_Available data_

/---

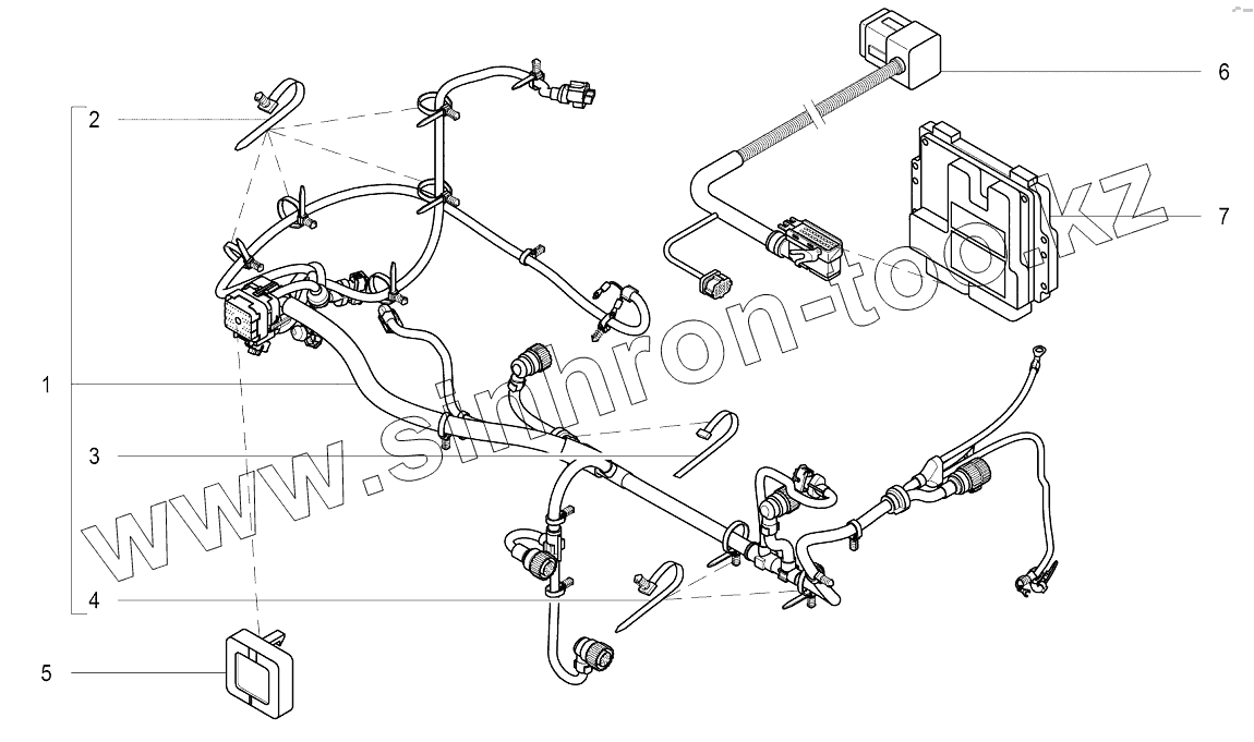 Каталог запасных частей к технике: Агротехмаш АТМ-7360. H101 Жгуты проводов моторного отсека, блок управления
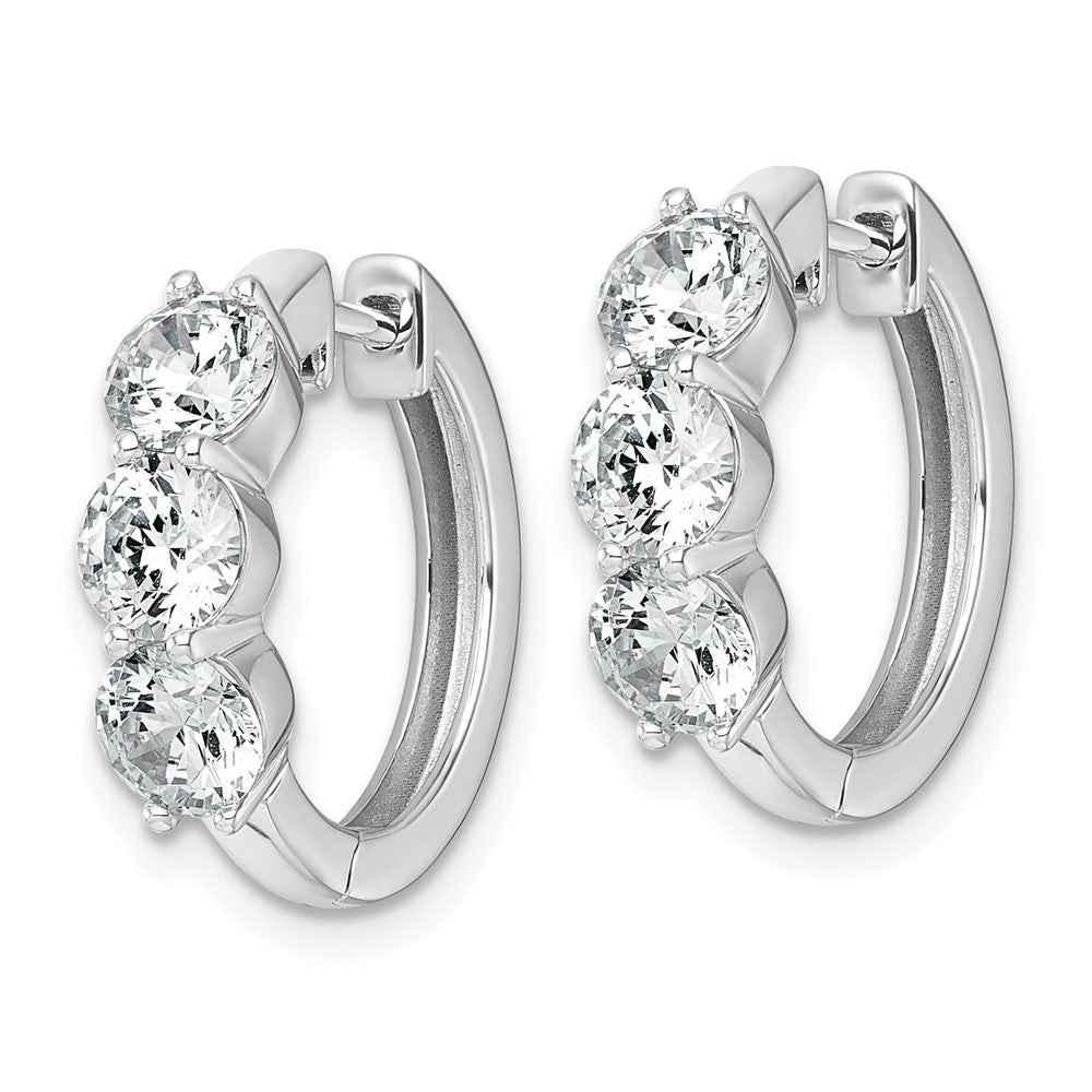 True Origin 14K White Gold 3 carat Lab Grown Diamond VS+ F+ Three Stone Hinged Hoop Complete Earrings
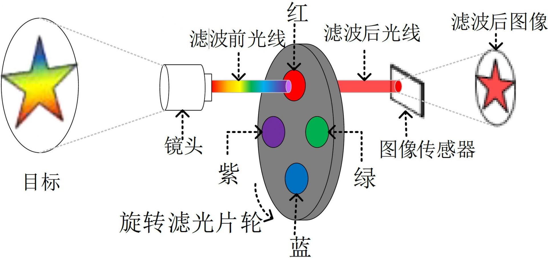 濾光片式彩色亮度計的色度測量功能的實現,是通過用合適的濾光片模擬人眼對光的響應,從而使加濾光片以后的圖像傳感器的相對光譜響應度與CIE 1931標準色度觀察者色匹配函數相接近。其測色原理如下:
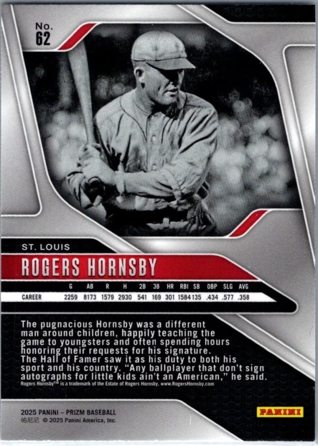 2025 Panini Prizm #62 Rogers Hornsby

\---

_What you will do_
What you return should be the exact lines from the one containing "True Origin 14K" through the end of the listing above, both included, minus any pictures.

_Task response_
 True Origin 14K White Gold 3 carat Lab Grown Diamond VS+ F+ Three Stone Hinged Hoop Complete Earrings
 濾光片式彩色亮度計的色度測量功能的實現,是通過用合適的濾光片模擬人眼對光的響應,從而使加濾光片以后的圖像傳感器的相對光譜響應度與CIE 1931標準色度觀察者色匹配函數相接近。其測色原理如下:
 2025 Panini Prizm #62 Rogers Hornsby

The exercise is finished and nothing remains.